Evaluation of the body weight and laying performance of diallel crossed Korean native chicken layers from hatch to 40 weeks of age

Introduction

Korean native chicken (KNC) constitute a number of domestic fowl species that have been raised in Korea for at least seven generations without mixing with other breeds. They have a clear origin and unique genetic characteristics. They can be distinguished based on their plumage color into five lines namely reddish-brown, yellowish-brown, black, white, and grayish-brown (NIAS, 2012). Due to natural selection, native chicken varieties are considered to be more disease-resistant and highly adaptable to prevailing local environmental conditions as compared to commercial breeds (Zhang et al., 2014). Regardless of their reported desirability and health benefits, the productive and growth performance of Korean native chickens has been reported to be low (Ogola et al., 2021). Previous studies have reported KNC could produce 188 eggs per year and an average egg weight of 53 g (Kim et al., 2012). Productive performance of approximately 65% on hen-day egg production (HDEP) basis as at week 64, which is quite low egg productivity compared to commercial layer strain have been reported (Kim et al., 2012).

A number of genetic approaches could be employed to improve productivity including diallel crossbreeding. It involves a set of crosses between homozygous lines and it is used for quantifying genetic effects such as general combining ability, specific combining ability, reciprocal line effect, and heterosis (Onofri et al., 2021). The general combining ability has been defined as the variance from the average ability of two-parent stocks in crossbreeding by interacting genes with additive effects (Sprague and Tatum, 1942). According to Onofri et al. (2021), the specific combining ability is the effect that combinations give unanticipated effects with positive and negative directions. The certain combining ability is regarded as the non-additive effect concluding dominance and epistatic interaction. The reciprocal effect is the discrepancy between crosses that consisted of the same homozygous lines but reversed paternal and maternal lines. The reciprocal effect is important to decide the parental lines showing superior performances. The heterosis effect is one of the well-known genetic methods that first-generation hybrids born by crossbreeding two pure species often exhibit superior performances than the pure species of both plants and animals (Warren, 1927).

Previous studies in the poultry field suggest that a three-line White Leghorn inbreed cross exhibited superior performance than the two-line cross and five lines with Single Combed White Leghorn half diallel cross improves egg productivity and egg weight (Ohh et al., 1980; Abplanalp et al., 1984). Recent KNC layer experiments also suggest that crossbred layers reported a higher egg weight (Cho et al., 2018; Hong et al., 2019).
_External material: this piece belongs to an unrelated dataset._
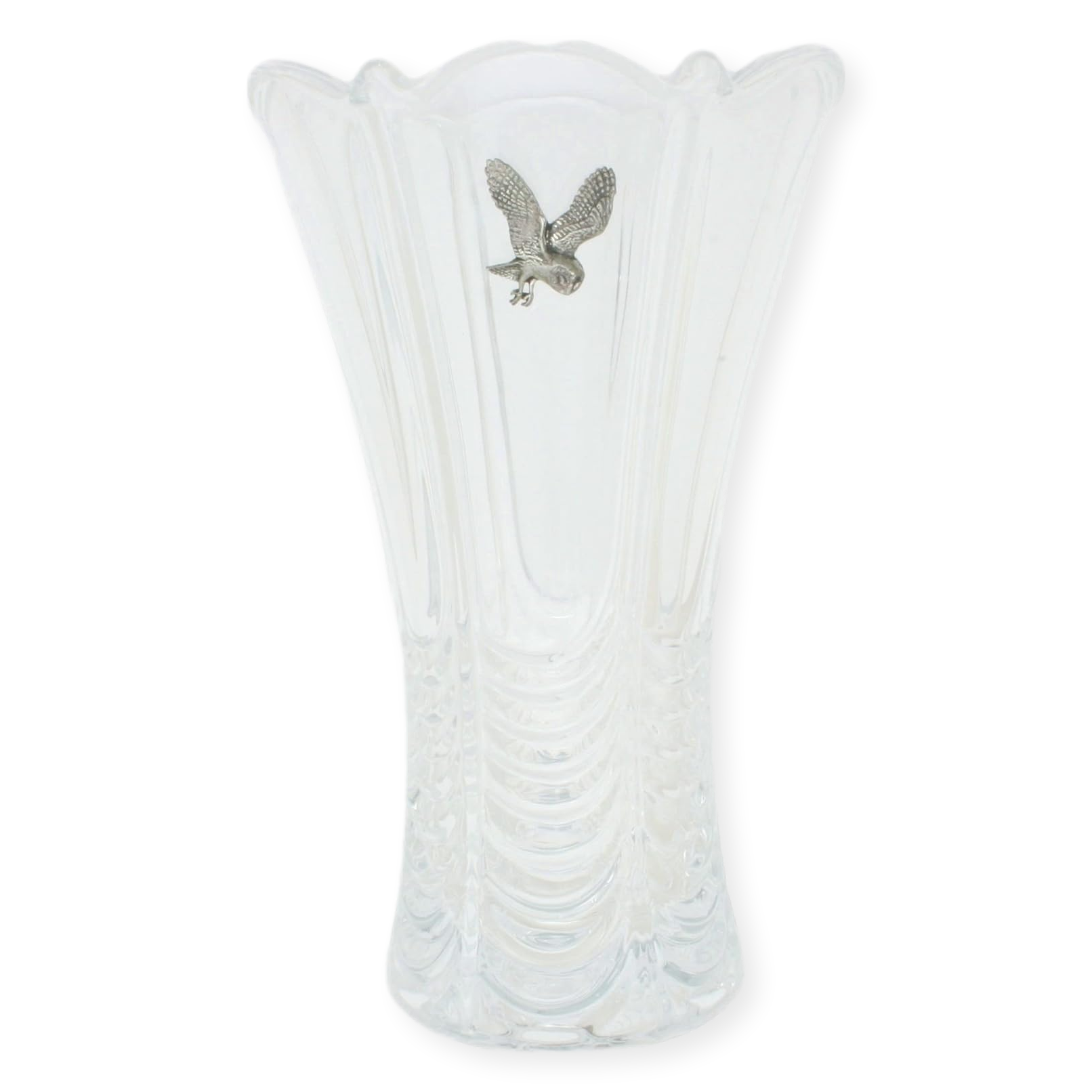 Crystal Glass Vase, ideal for gifting to anyone. Its six-panel fluted design, with a cut pattern at the base. A birds motif on the front panel adds a unique touch.

Therefore, the objective of this experiment is to compare the heterosis effect of crossbred KNC layers with half diallel method on body weight, daily hen-day egg production, age at started egg-laying, and age at sexual maturity by using 5 different KNC pure-line layers from hatch to week 40.

Materials and Methods

The specifications of the birds in this experiment and the experimental conditions were approved by the by the Animal Ethics Committee of Chungnam National University (202109A-CNU-112). The experiment was conducted at the Cheongyang Research Unit of Chungnam National University.

Experimental design

We carried out a 5 × 5 half diallel cross with 5 pure lines that consisted of one KNC (Y), two Korean Rhode Island Chicken (C, D), and two Korean White Leghorn Chicken (E, F) to make 10 crossbred strains that were denoted as YC, YD, YF, YK, CD, CF, CK, DF, DK, FK. A total of 1,000 one-day-old female chicks were used. Each treatment had 100 female chicks that were allotted into 100 battery cages (76 × 61 × 46 cm³) with 10 birds per cage from hatch to 16 weeks. After the end of the rearing period, the birds were moved to battery cages (60 × 25 × 45 cm³) with 4 birds per cage with 25 replicates to measure the daily hen-day egg production, age at started egg-laying, and age at sexual maturity. Water was supplied on an ad-libitum basis. Diets were provided on a restricted basis based on their body weight following Korean Feeding Standard for Poultry (NIAS, 2018). The diet formulas are presented in Tables 1 and 2.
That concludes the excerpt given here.